Artist

Shirley Macnamara
Shirley Macnamara was born in northwest Queensland and spent most of her early childhood on vast pastoral properties on the Barkly Tablelands in Queensland and the Northern Territory. Known as ‘Spinifex Country’, Macnamara maintains close ties to the region, including her mother’s traditional Country at Camooweal, Indjalandji Dhidhanu and her late father’s Country at Lake Nash, Alyawarr.
At the age of fifteen, Macnamara met her future husband, Nat, and for the next twenty-five years, the couple ran cattle on a modest block near Mt Isa. In 1992 they acquired Mount Guide, a 45,000-hectare cattle station south of Mount Isa, a property that Macnamara continues to co-manage and operate today.
As an artist, Macnamara draws inspiration from her beloved bush Country, favouring natural materials such as spinifex, a native grass that grows in abundance throughout remote Australia, which she weaves to create objects and sculptures that reflect her environment and their association with the climate, earth, and life; past and present. Macnamara uses natural materials that embody strength and utility; spinifex signifying the resilience of her people, as well as shaping her local landscape.

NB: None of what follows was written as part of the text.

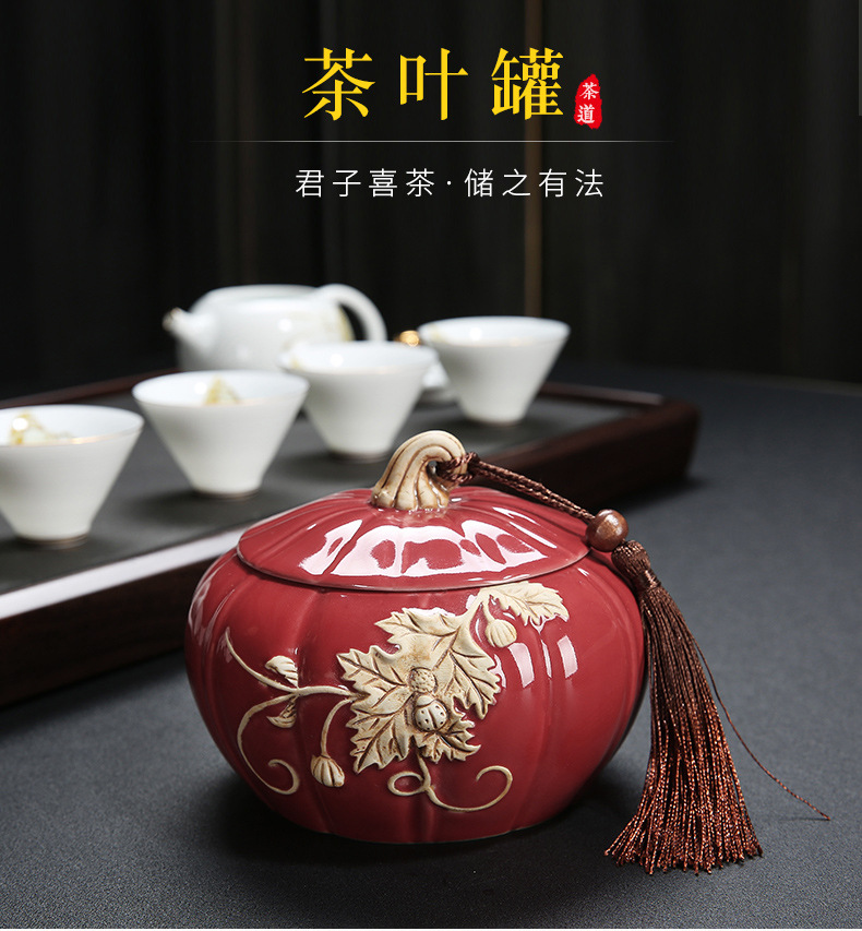 陶瓷茶叶罐密封大号装定制 粗陶普洱茶家用存储罐便携定制logo

In 2012, Macnamara was invited to display her major Spinifex sculpture Wingreeguu in the 7th Asia Pacific Triennial of Contemporary Art at the Queensland Art Gallery | Gallery of Modern Art, Brisbane, where the work was subsequently acquired by the institution. Macnamara joined the stable of artists at Alcaston Gallery in Melbourne in 2012 and the following year, the gallery presented Macnamara’s first solo exhibition Grounded.
In the decade that followed her debut, Macnamara became a multiple-award finalist and regular institutional exhibitor. Most notably, Macnamara was announced as the winner of the prestigious Wandjuk Marika Memorial Three-Dimensional Award at the Telstra National Aboriginal and Torres Strait Islander Art Awards in 2017, and in 2019 the Queensland Art Gallery | Gallery of Modern Art in Brisbane held a major solo retrospective entitled Shirley Macnamara - Dyinala Nganinya with a comprehensive publication to accompany the exhibition.
In 2022 Macnamara was a finalist in the Cairns Indigenous Art Fair’s inaugural Big Sculpture Showcase project where she presented the largest sculpture of her career, Through the Gidgea and Gum Trees Over Spinifex Ridges and Black Soil Plains. The major sculpture was selected as a feature work of CIAF’s Big Sculpture Showcase touring exhibition, which opened at the Brisbane Powerhouse for the Brisbane Festival in 2024, and will be on exhibit at the Logan City Art Gallery, Queensland and the Bundaberg Regional Art Gallery, Queensland in 2025.
Macnamara’s work is found in several major collections including the National Gallery of Australia, Canberra; the Queensland Art Gallery | Gallery of Modern Art, Brisbane, the UQ Art Museum, Brisbane, the Australian War Memorial art collection, and the Cairns Art Gallery, Cairns, Queensland.